Mahindra & Mahindra Financial Services Ltd has informed BSE that as per the Beneficial Position of Equity Shareholders of the Company, dated June 19, 2009, received by the Company, the shareholding of HSBC GLOBAL INVESTMENT FUNDS A/C HSBC GLOBAL INVESTMENT FUNDS
MAURITIUS LTD stands increased from 44,99,043 equity shares (4.64%) to 55,27,340 equity shares (5.70%).

Gokaldas Exports - Updates

Gokaldas Exports Ltd has informed BSE that the Board of Directors of the Company at its Meeting held on May 28, 2009 re-appointed Mr. Madanlal J Hinduja as an Executive Chairman & Mr. Rajendra J Hinduja as a Managing Director of the Company for a period of three years with effect from April 01, 2009 on remuneration, terms & conditions (subject to the approval of the members at the forthcoming annual general meeting and central government, if any required).

IRB Infrastructure - Updates

IRB Infrastructure Developers Ltd has informed BSE that the Company had submitted its Bid with the National Highways Authority of India ("NHAI") for Design, Engineering, Finance, Construction, Operation and Maintenance of Jaipur to Deoli Section of NH12 from Km 18.700 to Km 165.000 in the State of Rajasthan under NHDP Phase III on BOT Basis (the "Project"). The Project is on Grant basis with concession period of 25 years and estimated cost of the Project is Rs 1500 Crores.

Further the Company has informed that, the Company have emerged as the Lowest Bidder for the aforesaid Project. The company has sought a grant of Rs 306 Crore for the Project from NHAI.

Central Bank of India - Updates

Central Bank of India has informed BSE that deemed date of allotment for the 8.80% Unsecured Redeemable Non-convertible Subordinate Upper Tier II Bonds (Series III) in the nature of promissory notes aggregating to Rs 500 crore on Private Placement Basis, has been extended up to June 23, 2009. The deemed date of allotment for the above issue will be June 23, 2009 instead of June 22, 2009 as informed earlier.

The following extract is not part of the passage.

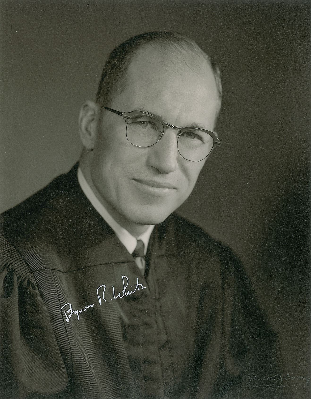 Sharp vintage matte-finish 7.75 x 10 photo of Associate Justice White in his judicial robe by Harris & Ewing, signed in white ink, "Byron R. White." Blindstamped in the lower right corner by the studio, and stamp-dated May 6, 1972 on the reverse. In fine condition, with light edge rippling.

Graphite India - Allotment of equity shares - Scheme of Arrangement

Graphite India Ltd has informed BSE that equity shares of the Company would be allotted to Shareholders of GKW Ltd. who hold the shares as on July 01, 2009 (being the 'Record Date' fixed by GKW). One Equity share of Rs 2/- each of the Company would be allotted for every 3 Ordinary shares of Rs 10/- each of GKW Ltd. as per the Scheme of Arrangement for demerger of Powmex Steels Undertaking of GKW Ltd. to the Company.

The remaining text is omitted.